▸ **EXERCISE**
Quote every line of the data below as it stands, omitting pictures.

[INFORMATION SHOWN — start]

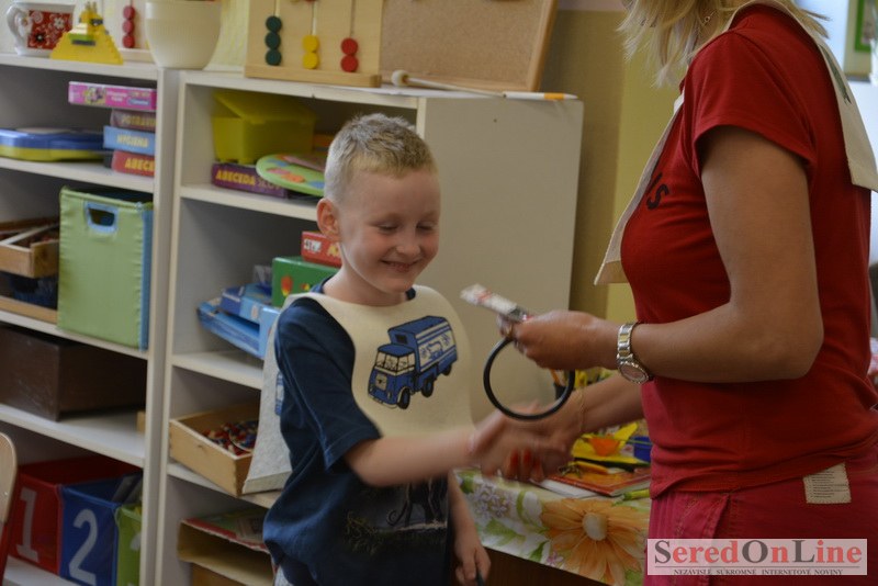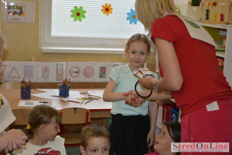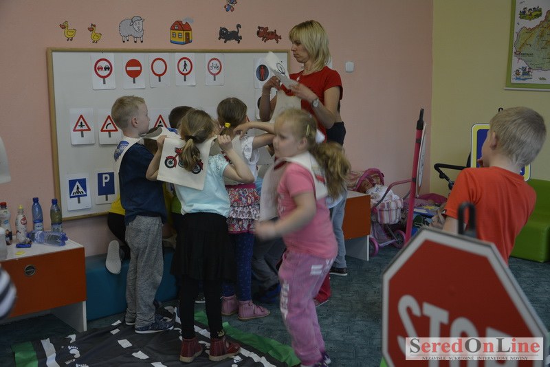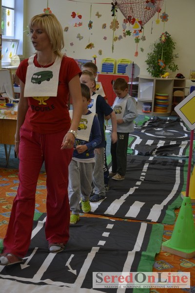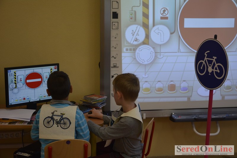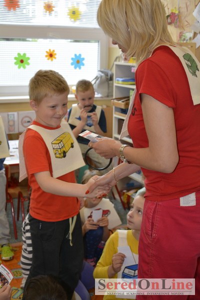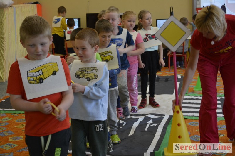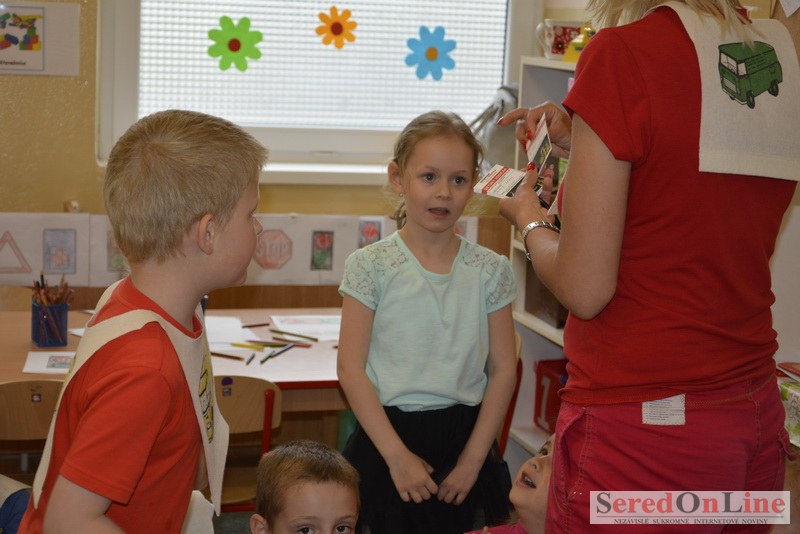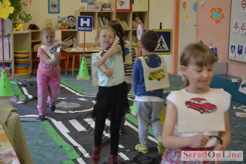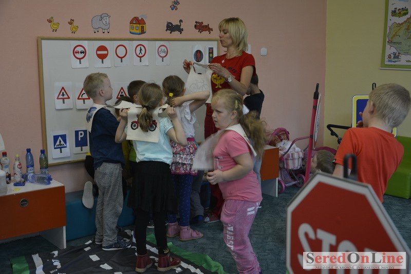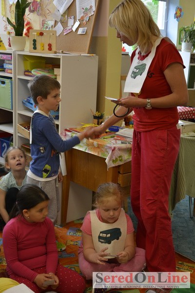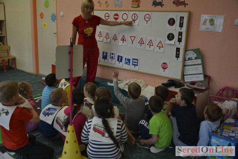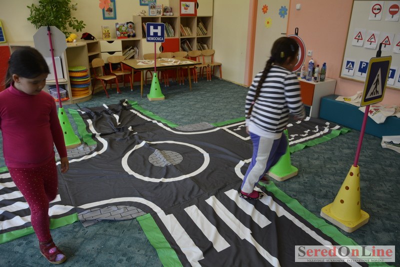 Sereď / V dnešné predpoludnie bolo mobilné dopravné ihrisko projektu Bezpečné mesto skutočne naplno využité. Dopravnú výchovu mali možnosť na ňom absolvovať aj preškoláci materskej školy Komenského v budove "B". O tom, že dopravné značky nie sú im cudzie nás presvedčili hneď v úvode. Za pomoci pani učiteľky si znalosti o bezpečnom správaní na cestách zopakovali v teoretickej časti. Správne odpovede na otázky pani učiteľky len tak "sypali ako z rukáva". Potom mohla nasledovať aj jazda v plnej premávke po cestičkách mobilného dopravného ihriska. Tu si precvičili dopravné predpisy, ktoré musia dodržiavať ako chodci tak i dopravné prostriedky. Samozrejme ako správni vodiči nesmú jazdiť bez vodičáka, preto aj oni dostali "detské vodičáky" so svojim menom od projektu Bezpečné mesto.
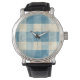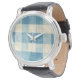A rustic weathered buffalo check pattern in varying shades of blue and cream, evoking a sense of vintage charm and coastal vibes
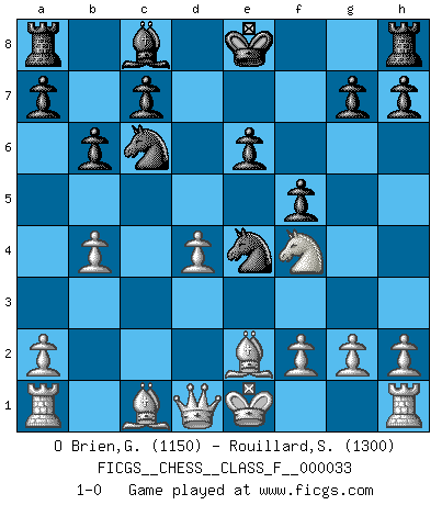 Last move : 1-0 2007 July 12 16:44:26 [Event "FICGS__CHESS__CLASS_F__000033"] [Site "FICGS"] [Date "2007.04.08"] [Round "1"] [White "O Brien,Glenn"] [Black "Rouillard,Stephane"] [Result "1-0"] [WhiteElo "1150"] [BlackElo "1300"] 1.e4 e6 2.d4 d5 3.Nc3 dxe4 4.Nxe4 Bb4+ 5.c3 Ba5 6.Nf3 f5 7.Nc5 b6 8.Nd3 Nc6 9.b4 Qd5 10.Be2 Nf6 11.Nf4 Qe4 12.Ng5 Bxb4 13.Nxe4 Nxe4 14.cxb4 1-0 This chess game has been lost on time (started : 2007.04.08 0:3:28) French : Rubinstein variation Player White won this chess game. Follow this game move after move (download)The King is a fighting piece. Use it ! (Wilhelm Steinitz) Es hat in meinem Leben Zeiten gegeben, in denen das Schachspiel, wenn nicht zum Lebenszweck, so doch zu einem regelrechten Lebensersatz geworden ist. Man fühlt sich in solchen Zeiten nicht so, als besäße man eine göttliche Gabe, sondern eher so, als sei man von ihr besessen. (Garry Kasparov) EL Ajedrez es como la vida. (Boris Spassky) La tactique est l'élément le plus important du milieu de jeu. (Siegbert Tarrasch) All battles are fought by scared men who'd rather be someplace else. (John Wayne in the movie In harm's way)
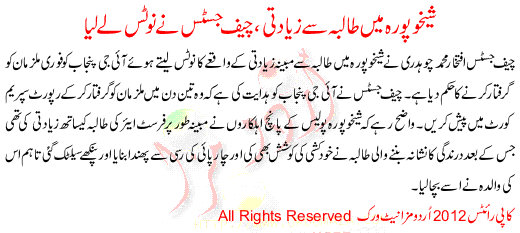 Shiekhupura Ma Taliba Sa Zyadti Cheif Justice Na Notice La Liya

[INFORMATION SHOWN — finish]

▸ **EXERCISE SOLUTION**
 Sereď / V dnešné predpoludnie bolo mobilné dopravné ihrisko projektu Bezpečné mesto skutočne naplno využité. Dopravnú výchovu mali možnosť na ňom absolvovať aj preškoláci materskej školy Komenského v budove "B". O tom, že dopravné značky nie sú im cudzie nás presvedčili hneď v úvode. Za pomoci pani učiteľky si znalosti o bezpečnom správaní na cestách zopakovali v teoretickej časti. Správne odpovede na otázky pani učiteľky len tak "sypali ako z rukáva". Potom mohla nasledovať aj jazda v plnej premávke po cestičkách mobilného dopravného ihriska. Tu si precvičili dopravné predpisy, ktoré musia dodržiavať ako chodci tak i dopravné prostriedky. Samozrejme ako správni vodiči nesmú jazdiť bez vodičáka, preto aj oni dostali "detské vodičáky" so svojim menom od projektu Bezpečné mesto.
A rustic weathered buffalo check pattern in varying shades of blue and cream, evoking a sense of vintage charm and coastal vibes
 Last move : 1-0 2007 July 12 16:44:26 [Event "FICGS__CHESS__CLASS_F__000033"] [Site "FICGS"] [Date "2007.04.08"] [Round "1"] [White "O Brien,Glenn"] [Black "Rouillard,Stephane"] [Result "1-0"] [WhiteElo "1150"] [BlackElo "1300"] 1.e4 e6 2.d4 d5 3.Nc3 dxe4 4.Nxe4 Bb4+ 5.c3 Ba5 6.Nf3 f5 7.Nc5 b6 8.Nd3 Nc6 9.b4 Qd5 10.Be2 Nf6 11.Nf4 Qe4 12.Ng5 Bxb4 13.Nxe4 Nxe4 14.cxb4 1-0 This chess game has been lost on time (started : 2007.04.08 0:3:28) French : Rubinstein variation Player White won this chess game. Follow this game move after move (download)The King is a fighting piece. Use it ! (Wilhelm Steinitz) Es hat in meinem Leben Zeiten gegeben, in denen das Schachspiel, wenn nicht zum Lebenszweck, so doch zu einem regelrechten Lebensersatz geworden ist. Man fühlt sich in solchen Zeiten nicht so, als besäße man eine göttliche Gabe, sondern eher so, als sei man von ihr besessen. (Garry Kasparov) EL Ajedrez es como la vida. (Boris Spassky) La tactique est l'élément le plus important du milieu de jeu. (Siegbert Tarrasch) All battles are fought by scared men who'd rather be someplace else. (John Wayne in the movie In harm's way)
 Shiekhupura Ma Taliba Sa Zyadti Cheif Justice Na Notice La Liya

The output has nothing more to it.